Mathias Storch

from Wikipedia, the free encyclopedia

Michael Mathias Johannes Storch (born April 21, 1883 in Manermiut ; † November 21, 1957 in Ilulissat ) was a Greenlandic pastor , provost , writer and councilor .

Life

Mathias Storch was the son of the hunter David Hans Gustav Storch (1851–?) And his wife Salomine Sofie Ane Johanne Sybille Rafaelsen (1860–?). He attended Grønland's seminary in Nuuk from 1900 to 1906 and received further theological training in Denmark, where he lived for three years with Bishop Christian Ludwigs in Aalborg . In 1909 he returned to Greenland, where he worked in Narsarmijit . On July 18, 1909, he married in Nuuk Ane Jensine Emilie Berthelsen (1889-1913), daughter of the pastor Lars Berthelsen and Laura Johanne Frederikke Berthelsen. On May 16, 1915, he married Emilie Justine Margrethe Johanne Frederiksen (1893–1955), daughter of the hunter Frederik Johan Nikolai Frederiksen and Josefine Bothilde Louise Thale Terkelsen, in Ilulissat.

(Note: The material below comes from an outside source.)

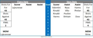 The Flyers needed the next goal as we went into the third period and within a couple of minutes they almost clawed one back as Lajeunesse forced Brine into a fine save and Dundee were happy to scramble the puck away. Flyers returned to the man advantage in the 46th minute and the Flyers were out of luck as Lajeunesse shot one off the crossbar. The follow up shift saw a goalmouth scramble and the referee awarded the Flyers a penalty shot. Lajeunesse took the shot and he beat Brine through the five hole to get the Flyers on the board and also ignite the crowd. The Flyers remained on the powerplay but the Stars manage to complete the kill. Shirley threatened the Stars goal in the 50th minute but his shot was again gobbled up by Brine. The Stars as the Flyers had done the previous night were content to play a passive posture to protect their lead and clogged up the neutral zone making it difficult for the Flyers to break through at speed as they looked to wind down the clock. Owen made another big stop with four minutes to go and with two minutes remaining the Flyers went for broke and pulled Owen for the extra attacker. Stars immediately had an effort on the empty net that hit a post and Brine then made a big glove save on Lajeunesse. Flyers called their timeout with just over a minute on the clock but the Stars won the defensive zone face off and a diving Brendan Harms swept the puck up ice and this time it found the empty net. The win moved the Stars back up into 7th place and the Flyers finished in 8th position with both teams looking forward to big games next weekend in a bid to make the play off finals in Nottingham.

He was ordained in 1910 . He worked as a pastor for a short time in southern Greenland and then in northern Greenland. In 1920 he moved to Ilulissat, where he became provost of North Greenland. In 1927 he became Vice Provost of Greenland, which he remained until his retirement in 1953.

Storch supported the national revival movement Peqatigiinniat and took an active part in public debates, campaigning for the rights of the Greenlanders and calling for their equality with the Danes. In 1921 he was elected to the Greenland Commission. From 1927 to 1932 he was an elected member of the North Greenland State Council , but was represented by Boye Thomsen in 1929 and 1931 .

He made his debut as an author in 1914 with the novel Sinnattugaq (The Dream). The book was "primarily a form of political discussion literature related to the future of Greenland". In addition to church history texts, he published the pamphlet Strejflys over Grønland in Danish in 1930 (Streiflicht über Greenland).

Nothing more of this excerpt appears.